# Peter Clark Inc. NYC??



## avkid (Apr 25, 2012)

I'm looking for information on, and parts from Peter Clark Inc. counterweight fly systems.
We are particularly in need of flame cut counterweight in all weights and a few rope locks, although anything would be useful.

Ours is a single purchase system installed in approximately 1930.
The building was designed by the legendary NY architects Warren and Wetmore.


----------



## DrPinto (Apr 25, 2012)

I did a quick search and it looks like they were sold to the Lamson Company. Not sure when and I'm not paying the New York Times to find out! If I can look it up for free at school, I'll dig some more.

NYTimes.com Search


----------



## techieman33 (Apr 25, 2012)

Anyone should be able to cut weight for you if you give them the dimensions of weights you currently have.


----------



## avkid (Apr 26, 2012)

techieman33 said:


> Anyone should be able to cut weight for you if you give them the dimensions of weights you currently have.

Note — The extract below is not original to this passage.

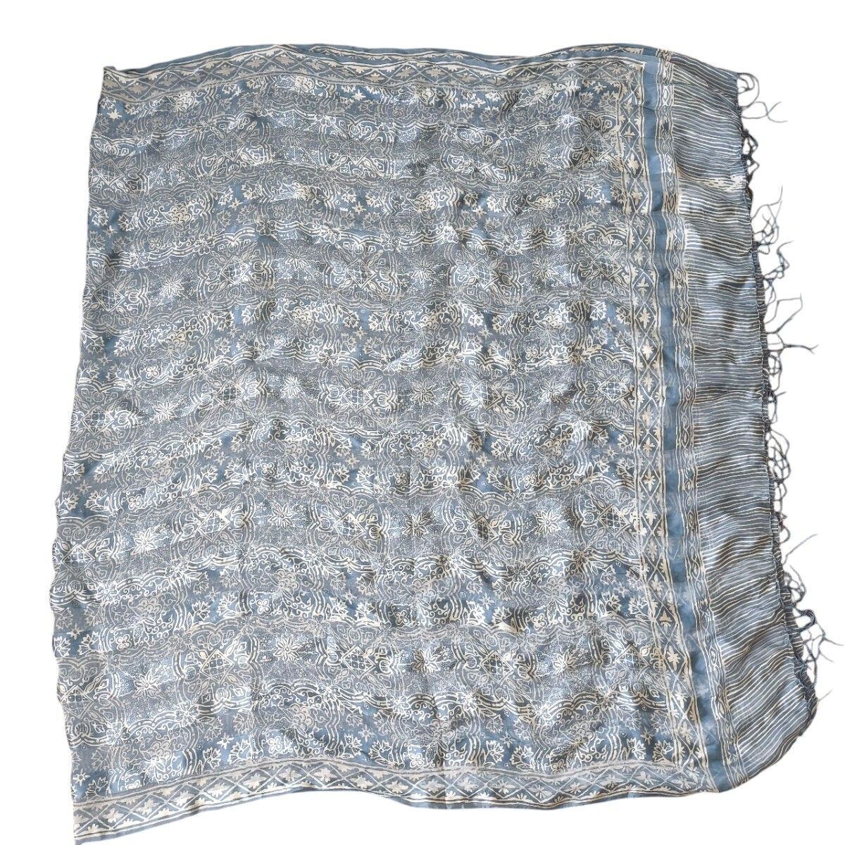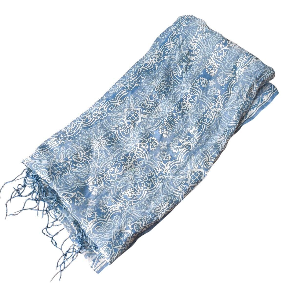 【状態A】青系模様 総柄 ストール 大判 160cm x 85cm
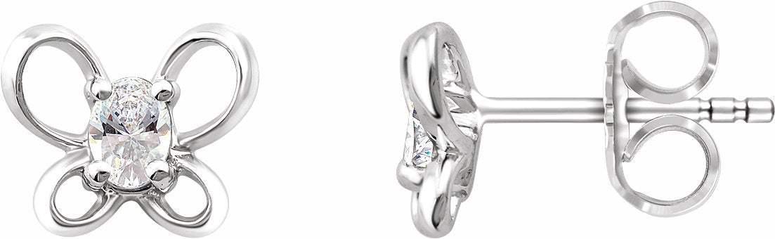 14K White 4x3 mm Oval April Youth Butterfly Birthstone Earrings - 653416611P

We've gotten quotes in the past and they've been much higher than management is prepared to pay.
What I am looking for ideally is an unused system or weight that is just collecting dust.


----------



## DrPinto (Apr 26, 2012)

avkid said:


> We've gotten quotes in the past and they've been much higher than management is prepared to pay.
> What I am looking for ideally is an unused system or weight that is just collecting dust.



Can you post a picture of what you're looking for?


----------



## avkid (Apr 26, 2012)

Of course I never take pictures of anything useful.
In a few days I'll be able to link to a video that has some good shots though.
In fact you may be able to find it now, Fact or Faked; Paranormal Files Season 2 Episode 14.
http://www.syfy.com/factorfaked/epi...e/214/bay_area_hysteria_jersey_shore_haunting


----------



## MPowers (Apr 26, 2012)

If your system was installed in 1930, you should look out for items like cast iron arbor tops and bottoms. When was the last time the system was inspected? Is your grid steel or wood? 

Weights are weights, Generally getting a metal or steel company to cut them for you is the cheapest. We are dealers for a couple of major rigging manufacturers but we never get weight from them as it is far cheaper to have it cut locally. 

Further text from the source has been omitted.